BEGIN Data shown

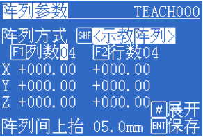 3> 按“[F1] 列數(shù)”,示教針頭到第1行最后1列的子圖基準(zhǔn)點處。(如圖“列1行3”處位置)
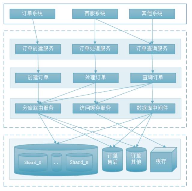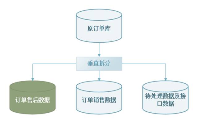 原订单库把所有订单相关的数据(订单销售、订单售后、订单任务处理等数据)都放在同一数据库中,不符合电商系统分层设计,对于订单销售数据,性能第一,需要能够在大促高峰承受每分钟几万到几十万订单的压力;而售后数据,是在订单生成以后,用于订单物流、订单客服等,性能压力不明显,只要保证数据的及时性即可;所以根据这种情况,把原订单库进行垂直拆分,拆分成订单售后数据、订单销售数据、其他数据等,如下图:
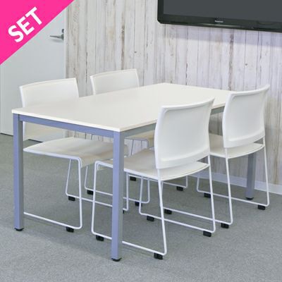 商談スペースや小規模ミーティングルームに適したミーティングセット4人用。使い勝手のよいシンプルなミーティングテーブルW1500xD750ホワイト1台とBONUMループ脚チェアホワイト4脚がセットになっています。テーブル天板はキズの付きにくいメラミン樹脂化粧仕上げ、丈夫なフレーム構造で、天板耐荷重は約40Kgです。チェアは、背座がPP樹脂製で汚れてもお手入れ簡単、スチールのループ脚で安定感があります。最大7脚までスタッキングでき、省スペース収納が可能です。●テーブルは組み立て式、チェアは完成品です。●お客様組立て商品です(2人以上で約25分)●チェア=背面:ポリプロピレン/座面:ポリプロピレン/脚フレーム:スチール(粉体塗装)
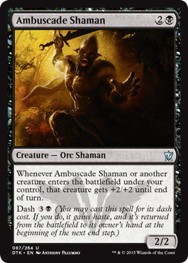Dash creatures work well in those aggressive BW and BR decks, and the Shaman can make your creatures downright nasty. I’d probably play him in a BR deck to be honest along with cards like Goblin Heelcutter, Mardu Scout, Lightning Berserker, and anything else with Dash. I don’t expect the colors to be that popular, so it might not be too hard to get 6-7 dash creatures in the deck to go along with him. If you play a Warbringer things will just get downright silly. You can choose to play him as a 4/4 haste each turn, or drop him and attack with your other haste creatures. I also like this synergy with Alesha, Who Smiles at Death. Bring back a creature, give it +2/+2 . . . there are lots of things you can do with him.

END Data shown

Directions | Print every line of the listing exactly, please, and leave the images out.

Answer below |
 3> 按“[F1] 列數(shù)”,示教針頭到第1行最后1列的子圖基準(zhǔn)點處。(如圖“列1行3”處位置)
 原订单库把所有订单相关的数据(订单销售、订单售后、订单任务处理等数据)都放在同一数据库中,不符合电商系统分层设计,对于订单销售数据,性能第一,需要能够在大促高峰承受每分钟几万到几十万订单的压力;而售后数据,是在订单生成以后,用于订单物流、订单客服等,性能压力不明显,只要保证数据的及时性即可;所以根据这种情况,把原订单库进行垂直拆分,拆分成订单售后数据、订单销售数据、其他数据等,如下图:
 商談スペースや小規模ミーティングルームに適したミーティングセット4人用。使い勝手のよいシンプルなミーティングテーブルW1500xD750ホワイト1台とBONUMループ脚チェアホワイト4脚がセットになっています。テーブル天板はキズの付きにくいメラミン樹脂化粧仕上げ、丈夫なフレーム構造で、天板耐荷重は約40Kgです。チェアは、背座がPP樹脂製で汚れてもお手入れ簡単、スチールのループ脚で安定感があります。最大7脚までスタッキングでき、省スペース収納が可能です。●テーブルは組み立て式、チェアは完成品です。●お客様組立て商品です(2人以上で約25分)●チェア=背面:ポリプロピレン/座面:ポリプロピレン/脚フレーム:スチール(粉体塗装)
Dash creatures work well in those aggressive BW and BR decks, and the Shaman can make your creatures downright nasty. I’d probably play him in a BR deck to be honest along with cards like Goblin Heelcutter, Mardu Scout, Lightning Berserker, and anything else with Dash. I don’t expect the colors to be that popular, so it might not be too hard to get 6-7 dash creatures in the deck to go along with him. If you play a Warbringer things will just get downright silly. You can choose to play him as a 4/4 haste each turn, or drop him and attack with your other haste creatures. I also like this synergy with Alesha, Who Smiles at Death. Bring back a creature, give it +2/+2 . . . there are lots of things you can do with him.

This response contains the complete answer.